■ **Problem statement**:
Please transcribe exactly the lines from the first line of the records below through the line containing "Lo que pasó", including both, and omit all pictures.

Items from a dataset
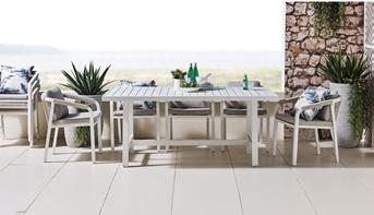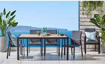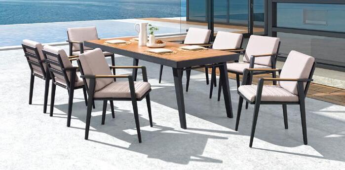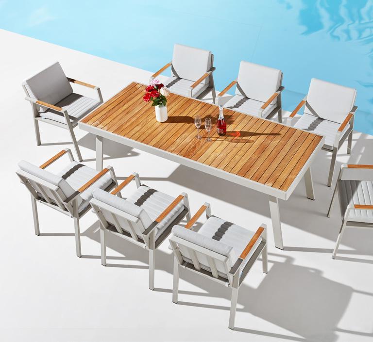 stol 103x217cm, 6x stolica s jastucima, aluminij/tikovina/uže
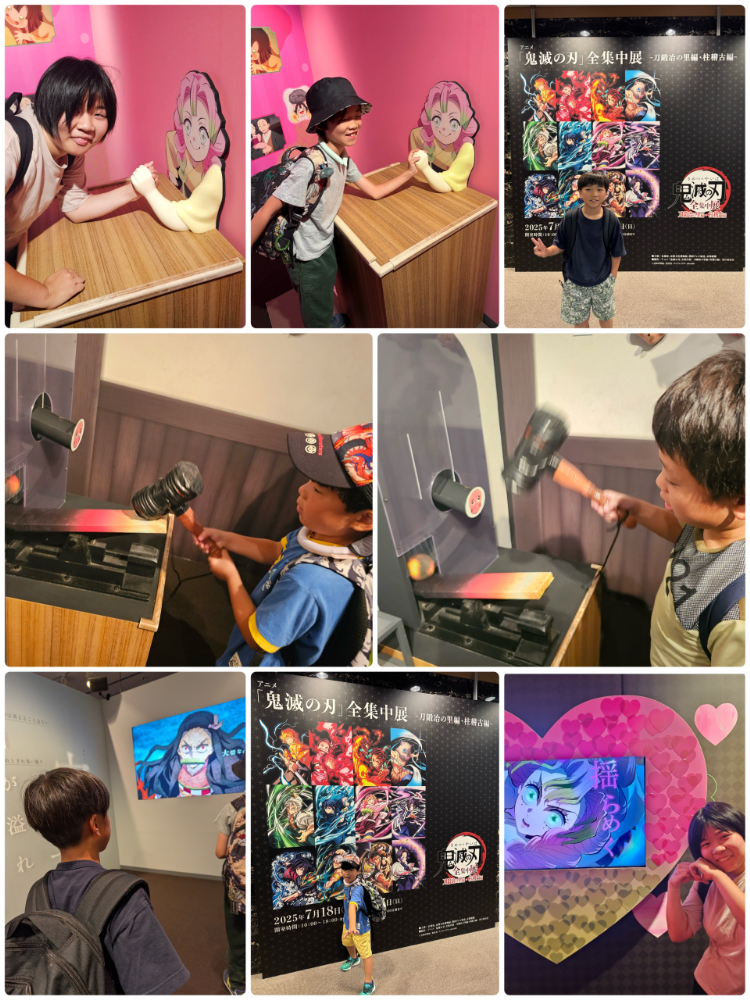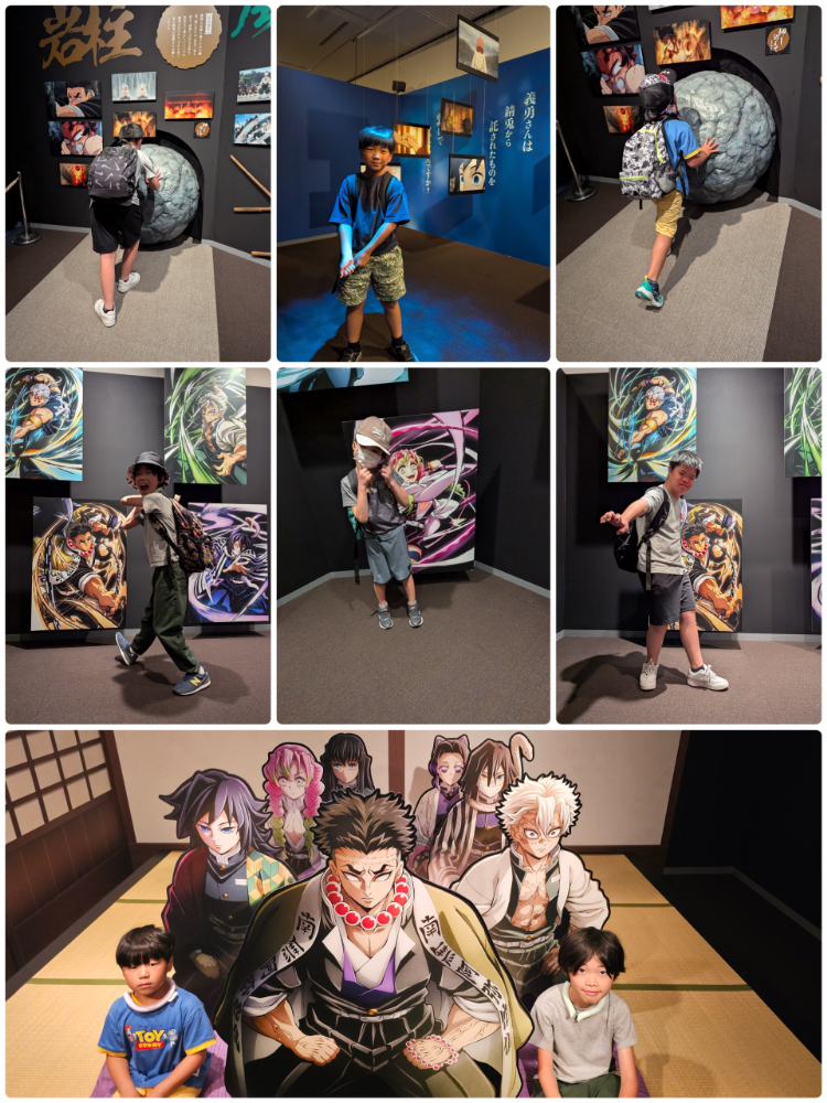 シルキーの子ども達にも人気の鬼滅の刃、現地の職員さんの指示に従いながら、順に展示を巡りました。
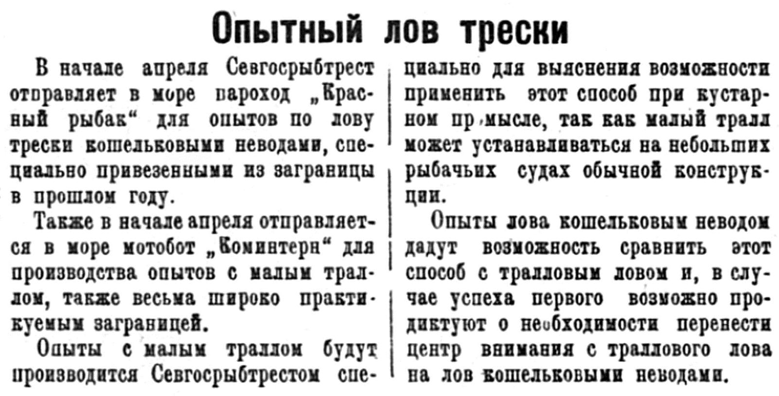 В начале апреля Севгосрыбтрест отправляет в море пароход "Красный рыбак" для опытов по лову трески кошельковыми неводами, специально привезенными из заграницы в прошлом году.
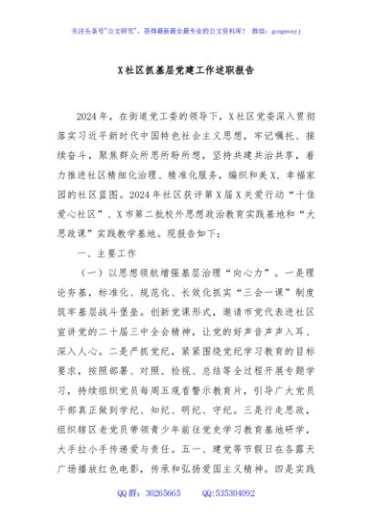 / X社区抓基层党建工作述职报告
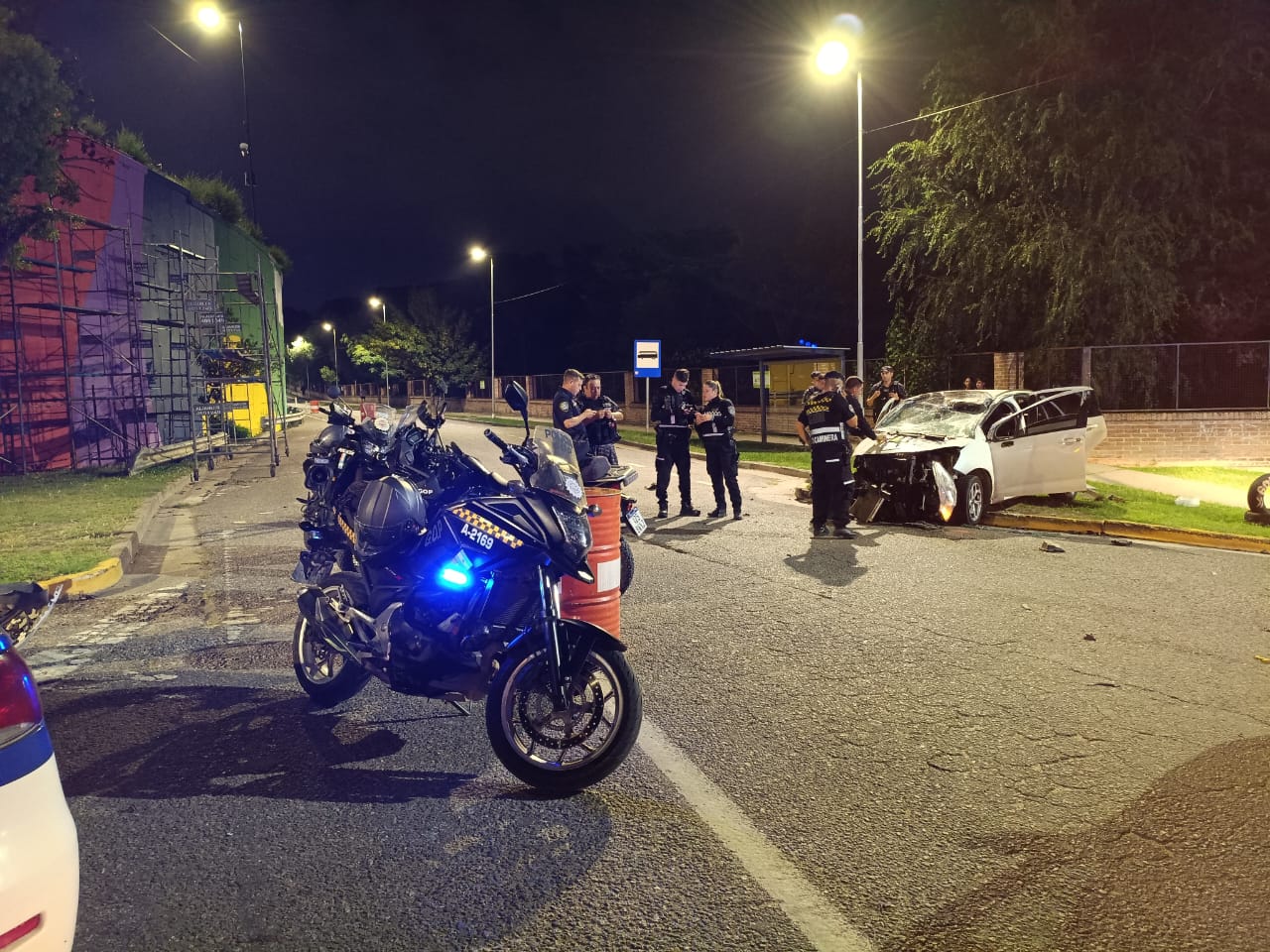 Lo que pasó después es que el conductor, de 47 años, perdió el control e impactó contra un muro de contención en la intersección de calles Nahuel Huapi y avenida J. S. Bach, donde se logró la detención.
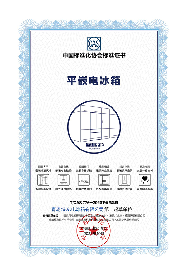 在新一代厨房中,卡萨帝原创平嵌冰箱通过升级底部前置散热科技、优化保温系统,让箱体可完美匹配深600mm、宽800mm的国际标准橱柜,实现了两侧0闪缝、正面0凸出;以嵌入式铰链保证冰箱两侧紧贴橱柜也能90°直角开门,抽屉可以顺利拉出,113°大角度开门也不会碰壁;通过创新底置循环风幕科技,卡萨帝冰箱将核心部件微缩集成在底部,拓展出更大冷冻空间;加入了与橱柜踢脚、腰线、门缝线齐平的追线设计,冰箱与橱柜线线相通、面面齐平,宛若一体。满足用户进阶需求的同时,卡萨帝原创平嵌冰箱也获得了专业认证,“纯平无缝、大角度开门、嵌入安装限制少、冷冻抽屉更深”这些优势被标注在了德国VDE证书中。
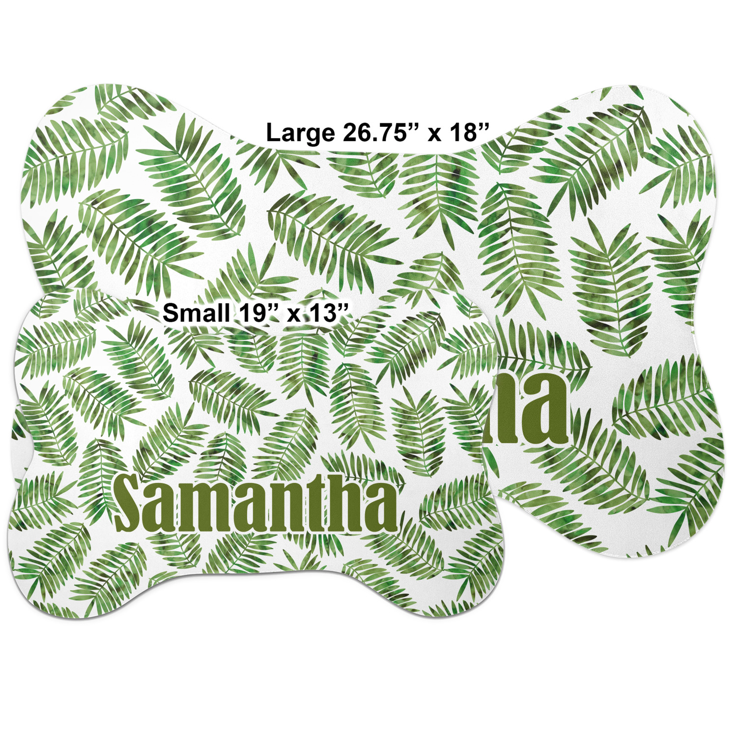 The top of this mat displays your custom design, as it is printed on polyester. To prevent slippage, the underside of the mat is made of rubber. We offer a small dog food mat, suitable for smaller dogs and a large dog food mat for bigger breeds. The small dog food mat is approximately 19 by 13 inches, while the large dog feeding mat measures at approximately 26.75 by 18 inches. Both personalized mats are ideally sized to fit two dog bowls.
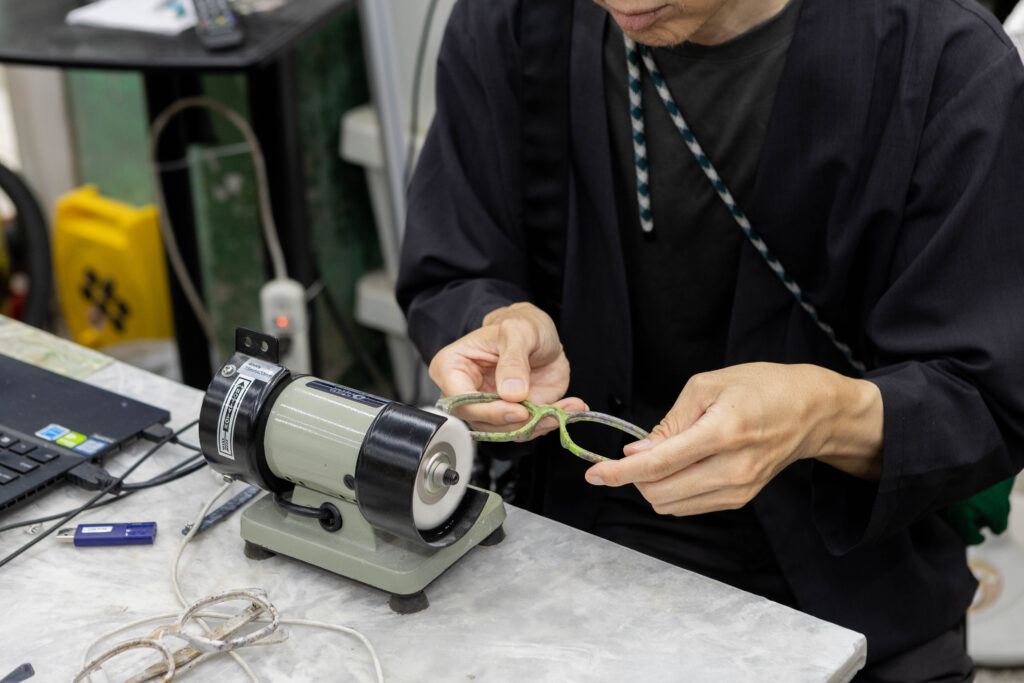 工程はわずか3ステップ。選んだ廃プラスチックに熱を入れながらプレスし、でき上がりをイメージしながらねじり、それをフレームの型に入れて形を整えます。そして、レンズ部分をくり抜いて、その素材を使ってメガネのテンプル(つる)の部分をつくっていき、サングラス用のレンズを組み込んで、やすりで整えたらできあがりです。その間、ものの20分ほど!
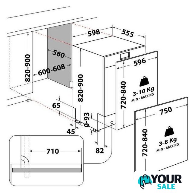 | Дополнительные опции | сокращение времени мойки, дополнительная сушка, усиление интенсивности мойки (гигиеническая мойка), половинная загрузка (экономия воды), программа самоочистки |
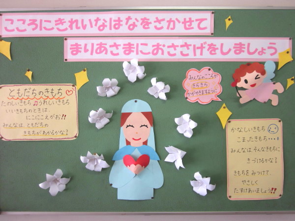 各クラスで、徳の花を表していますが、1階ホールにマリア様を飾り、その周りに徳の花をゆりの花に表して、毎日一つずつ咲かせていくことも共にしてきました。
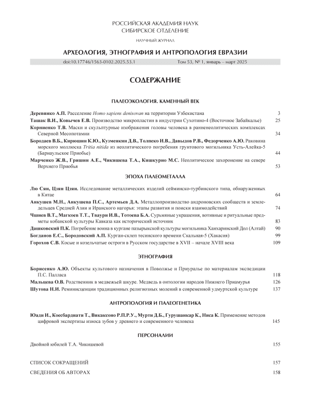 Содержание выпуска 1 т.53, 2025 Археология, этнография и антропология Евразии
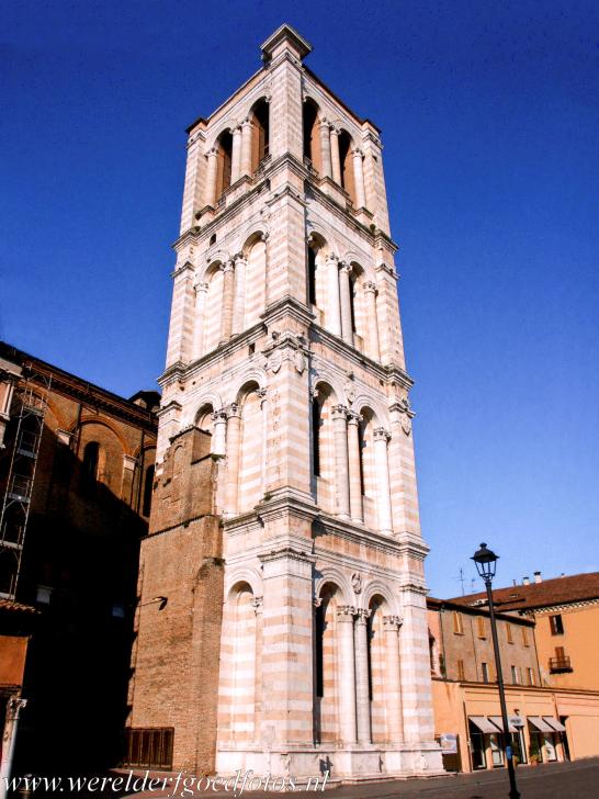 Ferrara, stad van de Renaissance en de Po Delta: De klokkentoren van de Dom van Ferrara werd in de periode 1451-1493 gebouwd in de renaissancestijl, ze werd nooit helemaal afgebouwd. De vrijstaande toren werd gebouwd van wit en rose marmer. In Ferrara is de Dom het belangrijkste monument uit de middeleeuwen. Het museum van de Dom is gevestigd in de voormalige San Romano-kerk, gelegen tegenover de Dom aan de Piazza Trento-Trieste.
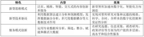 為了適應(yīng)數(shù)字時(shí)代的迅速發(fā)展,智庫也在積極進(jìn)行數(shù)字化轉(zhuǎn)型。相對傳統(tǒng)智庫而言,數(shù)字智庫在思維模式創(chuàng)新、新型技術(shù)驅(qū)動(dòng)、服務(wù)模式創(chuàng)新方面具有優(yōu)勢與特色,見表1。
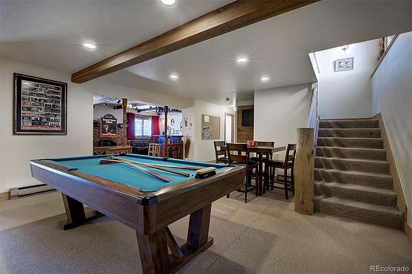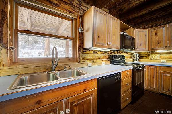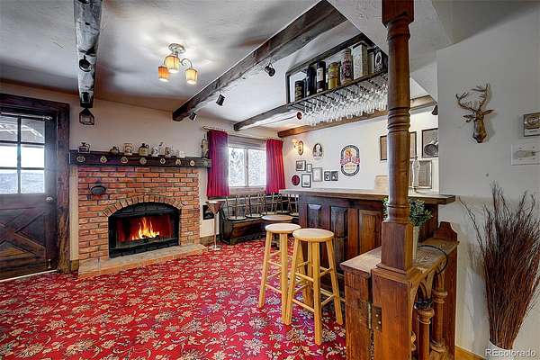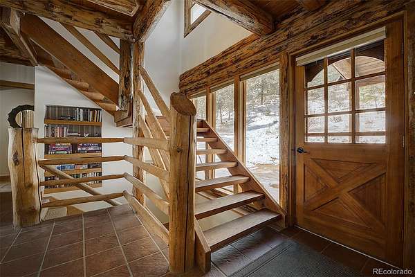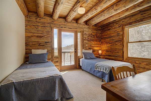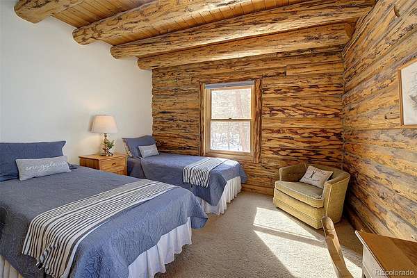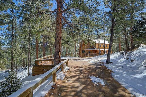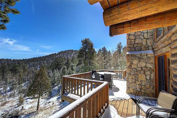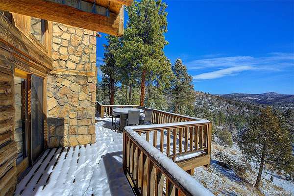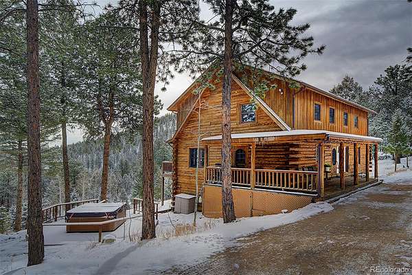 Welcome to The Retreat, a fully furnished Montana Log mountain lodge set on over 15 acres of usable, beautifully treed land with sweeping mountain views and a rare sense of privacy. Whether envisioned as an ideal private home, a multi-generational gathering place, or a residential retreat for clergy, healing, meditation, yoga, or other modalities, this property offers a level of flexibility that is hard to find. Thoughtfully designed with a balance of open gathering spaces and quiet, private areas, the home is crafted from substantial, hand-peeled Montana logs and positioned to capture Colorado’s bluebird skies and long-range views from nearly every window. Multiple decks invite you to start the day with coffee or wind down in the evening with a glass of wine, fully immersed in the landscape. The acreage supports a true Colorado lifestyle with room to explore and enjoy hiking, hunting, horseback riding, four wheeling, and snowshoeing right on your own land, and an outdoor hydrotherapy spa offers a quiet place to end the day under the stars. Inside, the great room centers around a moss rock fireplace and opens to the views beyond, while the lower level game room features an authentic English pub imported from London and reassembled on site, creating a one of a kind space to gather. A private upper wing offers versatility as a primary suite, guest quarters, or separate living space, complete with its own living area, kitchenette, and private deck. There are special use permits in place with the county for use as a residential retreat center, and the well permit was amended to Commercial Exempt status to support a clergy retreat house for up to 8-12 people with ample indoor water usage. Conveniently located with only one stop sign between you and an international airport, approximately 45 minutes to Denver, 1 hour to DIA, and 1.5 hours to Breckenridge. Note septic system is designed for 5 bedrooms and 10 occupants.

■ **Task solution**:
 stol 103x217cm, 6x stolica s jastucima, aluminij/tikovina/uže
 シルキーの子ども達にも人気の鬼滅の刃、現地の職員さんの指示に従いながら、順に展示を巡りました。
 В начале апреля Севгосрыбтрест отправляет в море пароход "Красный рыбак" для опытов по лову трески кошельковыми неводами, специально привезенными из заграницы в прошлом году.
 / X社区抓基层党建工作述职报告
 Lo que pasó después es que el conductor, de 47 años, perdió el control e impactó contra un muro de contención en la intersección de calles Nahuel Huapi y avenida J. S. Bach, donde se logró la detención.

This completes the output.